I made a random walk generator with python and numpy. Given an adjency matrix, I want to sample random paths from each node. To do so, I currently made this class, which takes as input the neighbors_nodes of each node of the graph with their corresponding probabilities:
import numpy as np
class RandomChoice(object):
def __init__(self, neighbors_choices, neighbors_prob, depth=50):
C = len(neighbors_choices)
self.depth = depth
self.neighbors_choices = neighbors_choices
self.neighbors_prob = neighbors_prob
self.index = np.zeros(C, np.uint32)
self.choices = list()
for i in range(C):
self.choices.append(np.random.choice(self.neighbors_choices[i], size=self.depth, p=self.neighbors_prob[i]))
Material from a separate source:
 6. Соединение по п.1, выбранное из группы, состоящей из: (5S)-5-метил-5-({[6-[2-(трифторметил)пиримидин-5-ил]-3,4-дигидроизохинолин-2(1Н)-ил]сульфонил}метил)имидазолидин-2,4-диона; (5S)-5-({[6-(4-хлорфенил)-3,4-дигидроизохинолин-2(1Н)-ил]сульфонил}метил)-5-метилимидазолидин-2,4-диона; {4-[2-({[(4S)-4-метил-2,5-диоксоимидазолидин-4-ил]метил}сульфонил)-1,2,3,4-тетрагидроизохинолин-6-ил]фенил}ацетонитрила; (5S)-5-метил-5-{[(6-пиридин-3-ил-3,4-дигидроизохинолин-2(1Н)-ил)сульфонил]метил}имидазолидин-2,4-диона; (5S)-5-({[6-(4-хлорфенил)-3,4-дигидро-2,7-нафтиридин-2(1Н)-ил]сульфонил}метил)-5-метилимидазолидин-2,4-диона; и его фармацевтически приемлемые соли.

def __getitem__(self, arg):
if self.index[arg] == self.depth:
self.choices[arg] = np.random.choice(self.neighbors_choices[arg], size=self.depth, p=self.neighbors_prob[arg])
self.index[arg] = 0
val = self.choices[arg][self.index[arg]]
self.index[arg] += 1
return val
And I use it like this:
# Example with a 3x3 matrix
# 1 2 1
# 3 0 1
# 0 1 0
number_of_walks_per_node = 5
number_of_nodes = 3
length_of_walks = 10
choices = [
[0, 1, 2],
[0, 2],
[1]
]
probs = [
[0.25, 0.5, 0.25],
[0.75, 0.25],
[1]
]
randomChoice = RandomChoice(choices, probs, depth=50)
for i in range(number_of_walks_per_node):
for starting_node in range(number_of_nodes):
walker_positions = [starting_node]
for j in range(length_of_walks):
walker_positions.append( randomChoice[walker_positions[j]])
print(walker_positions)
The idea here is to take profit of the vector-efficiency of numpy.random.choices against some space in RAM. But this function is still the bottleneck of this code. I think numpy.random.choices spends time checking that the probabilities sum to 1 and that each one of them is greater than 0. Do you have any idea how I could speed up this code ?